Haynes provided his cast with a list of movies to watch as part of their prep – films like British infidelity drama The Pumpkin Eater, starring Anne Bancroft and Peter Finch, and Ingmar Bergman’s Persona, a film that deals with duality in much the way May December does. In this case, in one crucial scene, Haynes films Gracie and Elizabeth next to each other as they stare into a mirror, adjusting their make-up. ‘Using the camera as a mirror,’ suggests Portman, ‘it had a sense of reflecting the performance, even when you’re alone. How do we even perform for ourselves? How do we wear masks for ourselves?’

As the scene unfolds, they go from looking directly at the audience to seeing themselves reflected in one another’s eyes. An ‘X’ tape mark aided the actors’ eyelines shooting the scene, ‘so it was technically not intuitive,’ explains Portman, ‘but it was really just an incredible way to have to face the camera and be bare in a weird way, even though you’re self-conscious – exactly like a mirror. Because you’re self-conscious in the most profound sense, looking at yourself. But you’re also alone with yourself. And so there’s a real exposure and rawness you can have. So it was a really interesting exercise.’

Another film that shaped Haynes’ vision here was Joseph Losey’s 1971 film The Go-Between, and in particular the score by Michel Legrand. ‘I saw the movie a year ago and it made me think, “Oh, this is the kind of music I want to try to use in the film,”’ he says. Noting that it puts the viewer on high alert, the dramatic piano strains being ‘so full of dread and foreboding’, Haynes began by writing cues from Legrand’s music into the script, then played it on set. ‘It’s very bold and airy,’ says Melton. ‘It really had an influence in just how those scenes went.’

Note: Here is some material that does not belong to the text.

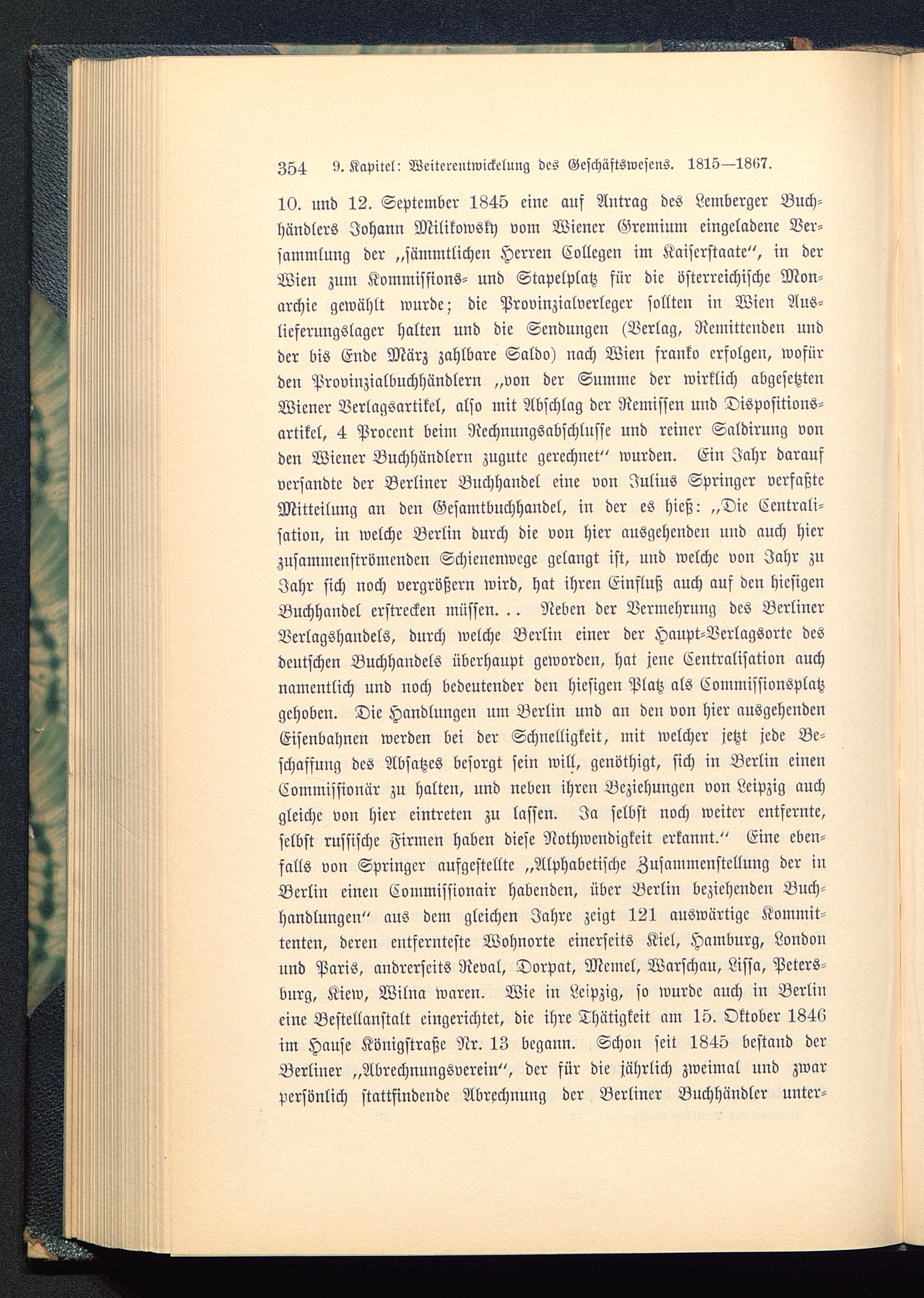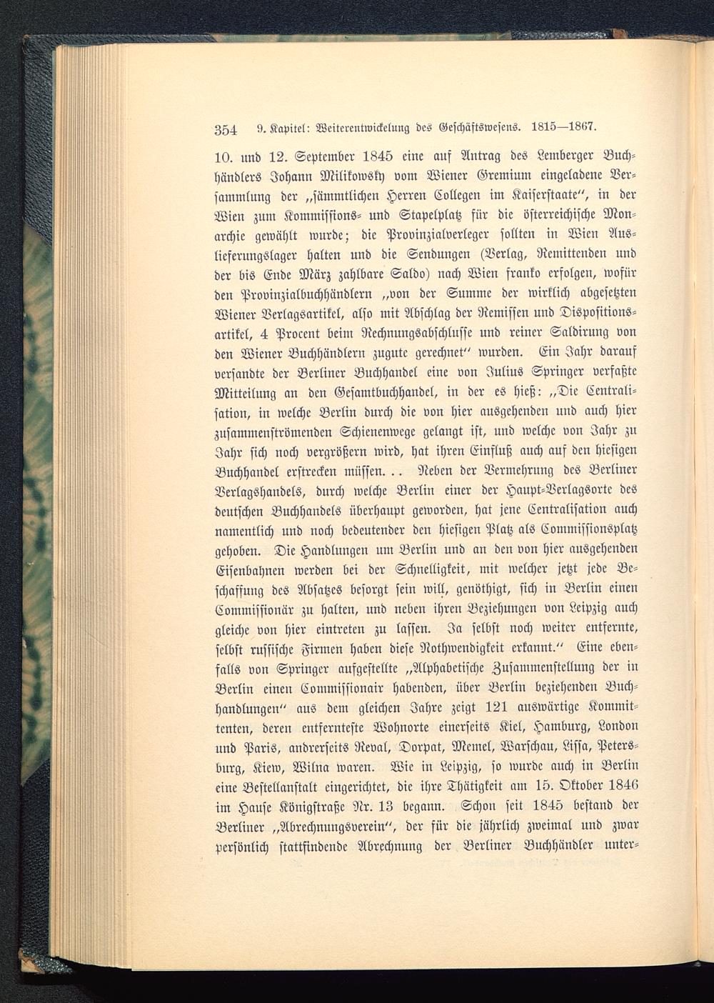 10. und 12. September 1845 eine auf Antrag des Lemberger Buch-händlers Johann Milikowsky vom Wiener Gremium eingeladene Ver-sammlung der „sämmtlichen Herren Collegen im Kaiserstaate", in derWien zum Kommissions- und Stapelplatz für die österreichische Mon-archie gewählt wurde; die Provinzialverlegcr sollten in Wien Aus-lieferungslager halten und die Sendungen (Verlag, Remittcnden undder bis Ende März zahlbare Saldo) nach Wien franko erfolgen, wofürden Provinzialbuchhändlcrn „von der Summe der wirklich abgesetztenWiener Verlagsartikcl, also mit Abschlag der Remissen und Dispositions-artikel, 4 Proccnt beim Rechnungsabschlüsse und reiner Saldirung vonden Wiener Buchhändlern zugute gerechnet" wurden. Ein Jahr daraufversandte der Berliner Buchhandel eine von Julius Springer verfaßteMitteilung an den Gesamtbuchhandel, in der es hieß: „Die Centrali-sation, in welche Berlin durch die von hier ausgehenden und auch hierzusammenströmenden Schienenwege gelangt ist, und welche von Jahr zuJahr sich noch vergrößern wird, hat ihren Einfluß auch auf den hiesigenBuchhandel erstrecken müssen. .. Neben der Vermehrung des Berliner Berlagshandels, durch welche Berlin einer der Haupt-Verlagsorte desdeutschen Buchhandels überhaupt geworden, hat jene Zentralisation auchnamentlich und noch bedeutender den hiesigen Platz als Commissionsplatzgehoben. Die Handlungen um Berlin und an den von hier ausgehendenEisenbahnen werden bei der Schnelligkeit, mit welcher jetzt jede Be-schaffung des Absatzes besorgt sein will, gcnöthigt, sich in Berlin einenEommissionür zu halten, und neben ihren Beziehungen von Leipzig auchgleiche von hier eintreten zu lassen. Ja selbst noch weiter entfernte,selbst russische Firmen haben diese Nothwendigkcit erkannt." Eine eben-salls von Springer aufgestellte „Alphabetische Zusammenstellung der inBerlin einen Commissionair habenden, über Berlin beziehenden Buch-handlungen" aus dem gleichen Jahre zeigt 121 auswärtige Kommit-tenten, deren entfernteste Wohnorte einerseits Kiel, Hamburg, London und Paris, andrerseits Reval, Dorpat, Mcmel, Warschau , Lissa, Peters-burg, Kiew, Wilna waren. Wie in Leipzig, so wurde auch in Berlin eine Bestellanstalt eingerichtet, die ihre Thtttigkcit nm 15. Oktober 184(>im Hause Königstraße Nr. 13 begann. Schon seit 1845 bestand derBerliner „Abrechnungsverein", der für die jährlich zweimal und zwarpersönlich stattfindende Abrechnung der Berliner Buchhändler unter-
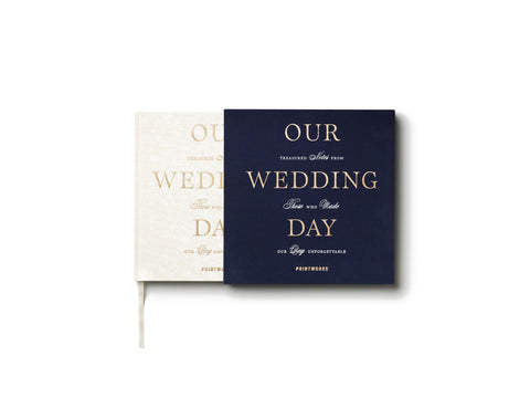 In het prachtig ontworpen Our Wedding Day gastenboek van Printworks verzamel je de meest waardevolle herinneringen aan jullie trouwdag. Een bundel vol warme wensen, lieve woorden en persoonlijke boodschappen van de mensen die deze bijzondere dag met jullie deelden. Met zijn ivoorwitte kaft en elegante marineblauwe hoes is het gastenboek niet alleen een stijlvolle aanvulling op jullie bruiloft, maar ook een tijdloos aandenken dat jarenlang gekoesterd kan worden. De 100 pagina’s bieden alle ruimte voor gasten om hun gelukswensen, herinneringen en anekdotes met jullie te delen.

‘I THINK IT’S MAYBE MY ONLY COMEDY – A VERY DARK COMEDY’

TODD HAYNES

Later, Haynes’ regular editor Affonso Gonçalves began using Legrand’s work as temp music. ‘By the end, the film was built on the score,’ says the director. ‘The tone of the film was resting [on it].’ The film’s composer, Marcelo Zarvos, then rerecorded it, folding it into the original music he’d written. ‘It really was a collaboration between Marcelo and one of the great masters of music and film,’ Haynes adds. Still, moments like Gracie exclaiming, ‘I don’t think we have enough hotdogs,’ as the music booms and the camera zooms play for laughs.

It’s what makes May December one of Haynes’ most complex films – funny, tragic, tawdry and tender. ‘I think it’s maybe my only comedy,’ he feels. ‘I think it is a very dark comedy. It also has real sadness. It is an incredibly witty script. But it took these actors playing it straight and subtly to allow for all of the big gestures around them to make you go, “Oh, OK. We’re allowed to laugh at this!” It gives you permission to enjoy watching it… and not feel too bogged down in it, even though it’s dealing with very disturbing and complex and disquieting themes.’ Or as Portman simply puts it: ‘The movie’s risky.’

MAY DECEMBER OPENS IN CINEMAS ON 17 NOVEMBER AND IS ON SKY CINEMA FROM 8 DECEMBER. All interviews completed ahead of the SAG-AFTRA strike.